- Portrayed by: Louiza Patikas
- Duration: 2017–20
- First appearance: 12 July 2017
- Last appearance: 6 January 2020
- Introduced by: Kate Oates

= Moira Pollock =

Fictional character from Coronation Street

Moira Pollock is a fictional character from the British ITV soap opera Coronation Street, played by Louiza Patikas. She made her first appearance on 12 July 2017. Patikas appeared on Coronation Street whilst continuing to appear in the radio soap opera The Archers at the same time, which she did not find difficult to manage. Moira was introduced as manager of the Weatherfield Medical Centre in a storyline that sees established character Liz McDonald (Beverley Callard) begin work there. Moira was characterised as being rude, feisty and a battleaxe, with Patikas believing that Moira sees herself better than others see her. Moira was used to create comedy on the soap and her early storyline involved her clashes with Liz at the centre. Callard praised the storyline and found it amusing, whilst Patikas praised the character and enjoyed working with Callard.

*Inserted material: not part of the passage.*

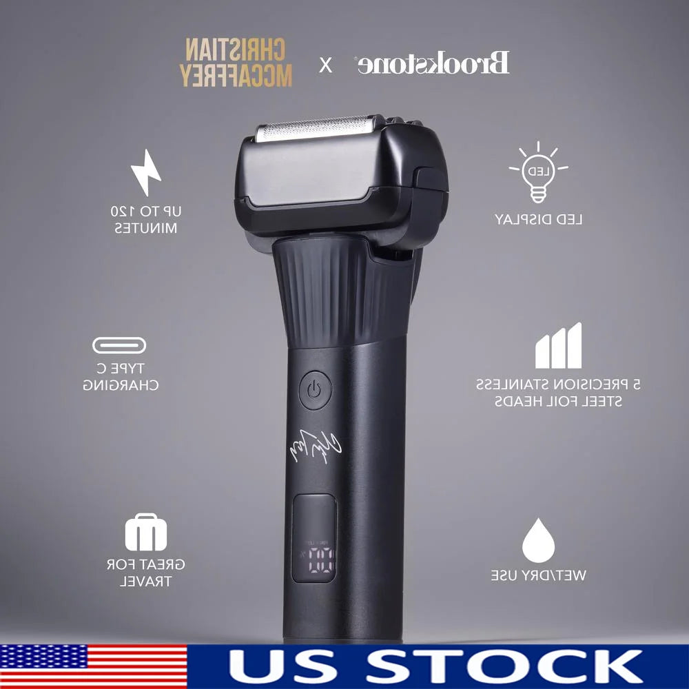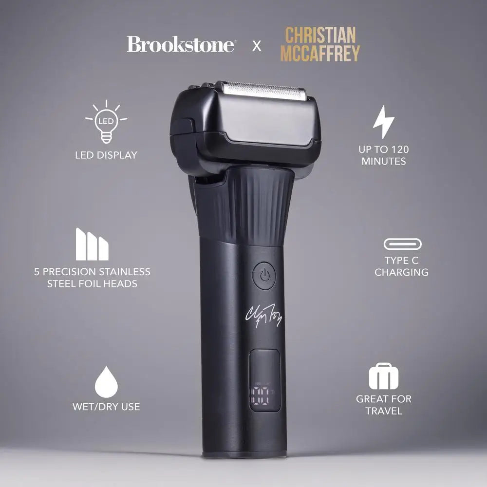 All-Pro Running Back Christian McCaffrey Special Edition with his signature Men's Electric shaver is Cordless and rechargeable with an LED that shows battery capacity Brookstone 5 Precision stainless steel blades Built-in Pop up trimmer for sideburns IPX6 waterproof for wet or dry shaving Weight 0. 62 lbs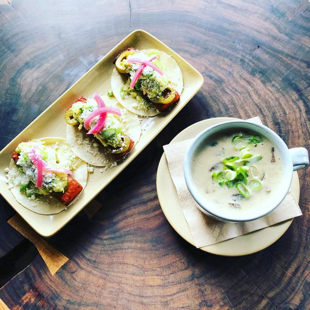 Chickpea sweet potato fritter tacos with house made tomatillo salsa and pickled jalapeños, and a cup of creamy cashew mushroom soup at Whisper Sisters in Petaluma. (Courtesy photo)

Following other comedic storylines, Moira then forms a romance with Colin Callen (Jim Moir) and is fired from her job for misconduct. Moira departed with Colin in November 2017, but returned in February 2018 and continued making appearances until January 2020. Moira's other storylines have involved her crush on Jan Lozinski (Piotr Baumann) and her friendship with Liz. Moira was greatly received by viewers and critics, who enjoyed the character's comedy. Patikas herself loved the character and enjoyed working on Coronation Street. For her role as Moira, Patikas was nominated for British Soap Award for Best Comedy Performance and longlisted for "Funniest Female" at the Inside Soap Awards in 2018.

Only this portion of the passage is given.